Spilhaus takes a similar approach. “I’m simply advising, giving the person the sort of information they need to make an informed decision about what to do. If they decide to make a formal complaint, then I make sure that the university’s procedures are applied.”

In an emergency, Spilhaus becomes an agent for the university, and her role is to minimize risk to the rest of us. She says that Concordia’s procedures to deal with threatening behaviour have vastly improved since the Fabrikant murders of August 1992.

She was one of the principal authors of a protocol that provides a coordinated response across the university, an important legacy of that experience.
“Lots of people were trying to do things, but they were going in different directions,” she said. “Now the information is centralized, and the decisions are taken on the best available information.” She has had many requests for information from other universities as a result of the work done in the aftermath of the tragedy.

Both women work closely with other departments — Security (in Spilhaus’s case), Student Services and the Dean of Students and Legal Counsel. Robillard also works with faculty members, the vice-deans for student affairs and staff.
“A lot of time is spent defining the problem,” Robillard said. “Sometimes people come in with a huge problem that’s very vague, full of emotion and anger, and you have to bring it down to something that’s manageable. That takes time and experience and skill.”

Spilhaus added, “The difficulty, of course, is that initially, you’re reacting to one person’s side of the story.” When you get all the facts, things may look different.

“How you deal with these problems depends on the issue and the person’s motivation,” Robillard said. “In most of the 520 cases the Office dealt with last year, we simply provided information and advice about how to resolve a problem. In the other cases, we intervened on the person’s behalf or conducted a formal investigation and made recommendations.”

The complaints Spilhaus gets about conflict and behaviour have similarities, including a fair amount of cultural misunderstanding, but every emergency is unique.

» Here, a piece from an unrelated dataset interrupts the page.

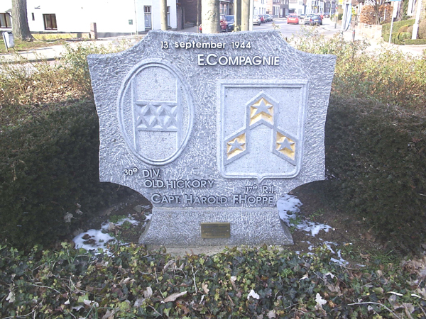 The memorial remembers the liberation of Heer (Maastricht) by E Company, 177th Infantry Regiment, 30th Infantry ”Old Hickory” Division on September 13, 1944. E Company was lead by Captain Harold Hoppe.

Some of these involve mental illness.

In the 120-odd situations she handles every year, only three or four end in a formal complaint. If the complaint is against a student, it goes to a student hearing board; if it’s against an employee, it is handled by the person who is responsible for discipline under that person’s collective agreement.

Robillard has only been at Concordia since February, when she replaced Suzanne Belson, who was in the position for more than 20 years. She is a social worker with legal training, and her previous experience was in the CLSC health and social service network. She has had to learn a lot about the academic subculture, its hierarchies and archaisms, but she loves the challenge of her work.
Spilhaus was the director of a women’s shelter before coming to the university in 1991 as Sexual Harassment Officer. In a post that at some other universities has been plagued with political naiveté and impulsiveness, she earned a reputation for strength, sensitivity and fairness, and has essentially created the expanded role she now occupies.

Her greatest satisfaction is to find that she has been a successful mentor. “I think the situations I like best are the ones where the student solves the problem with me doing the coaching. Then they can say, I learned something here.”